All philosophy of history today — and Spengler is a most perfect example of that — assumes an absolute arrest somewhere or other. There is, on any analogy, advance or [evolutionary] ‘progress’ between the amoeba and Socrates. (…) But now there is nothing but [arrest]… (Paleface, 1929,122)4

It is only by a fresh effort that the Western World can save itself: it can only become ‘the West’ at all, in fact (…) by an act of further creation. (…) As it is, not only such people as Spengler (…) insist on regarding the problem historically,5 in terms of a rigid arrest. ‘The West’ is for almost all of those a finished thing, either over whose decay they gloat, or whose corpse they frantically ‘defend’. It never seems to occur to them that the exceedingly novel conditions of life today demand an entirely new conception (Paleface, 1929, 256)
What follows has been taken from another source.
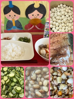 「関東煮」は、鶏肉、ちくわ、じゃがいも こんにゃく、厚揚げ、だいこん、にんじん、うずら卵を使用しています。程よい甘みと各々の素材にしっかり味が染み込んでいて、ご飯に合う献立でした。「とら豆の煮もの」は、お豆がとても柔らかくてふっくらと煮えていました。
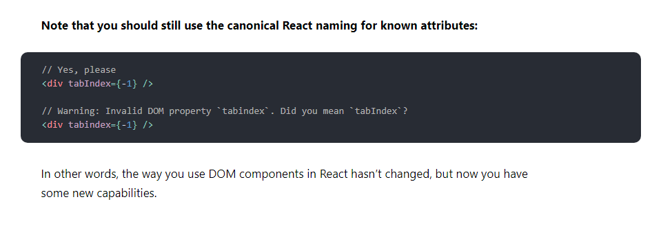 저는 이러한 현상이 다소 이해가 되지 않았습니다. 리액트에서 별 문제없이 정상적으로 사용할 수 있는 이름들인데, 왜 콘솔창에서는 이러한 친숙한 이름을 두고 오류를 띄우고 은근히 다른 이름을 사용할 것을 권유하는걸까요?

Disintegrated into a thousand class-warring factions— analysed back into its composite cells, and incessantly stimulated to one huge destructive civil broil — the Occident is much too far gone ever to recover, upon its old lines, even if we desired it. We are here, therefore, taking Occidental disintegration for granted. In the back of our minds it is admissible to entertain some picture of a future integration. And for my own part, the more novel it was the better I should like it. But the disintegration is already very far advanced: the new integration even has long ago begun. Such a book as this is primarily intended to influence the integration. (Certainly it is not intended to arrest the disintegration.) In what manner does it wish to influence the integration? Principally in such a manner as to prevent the mere destructive technique of the transition from being taken too seriously, and so to avoid a great many false and puerile passions and modes of thought — or unthought — from being taken up into the body of the new synthesis. (Doom of Youth, 1932, 62-63)

arrested in its toiling dream (Childermass, 1956, 108)

 

  1. Coleridge as Artist, 1957: “Moments of insight in Wordsworth’s poetry are explicitly associated with an experience of an arrest in time.” Here “experience of an arrest in time” is a dual genitive, but primarily a subjective genitive. That is, experience belongs to “an arrest in time”, is its effect.
  2. See “Arrest in time” in McLuhan.
  3. Lewis seems to have broached the notion of an “arrest in time” especially in Paleface (although it would seem most fitting to Time and Western Man). This is one of the many indications that McLuhan read and was deeply influenced by Paleface, although the book is never mentioned in his work (unlike most other Lewis titles).
  4. The emphasis on arrest in this passage is by Lewis.
  5. “Insist on regarding the problem historically” = the time philosophy.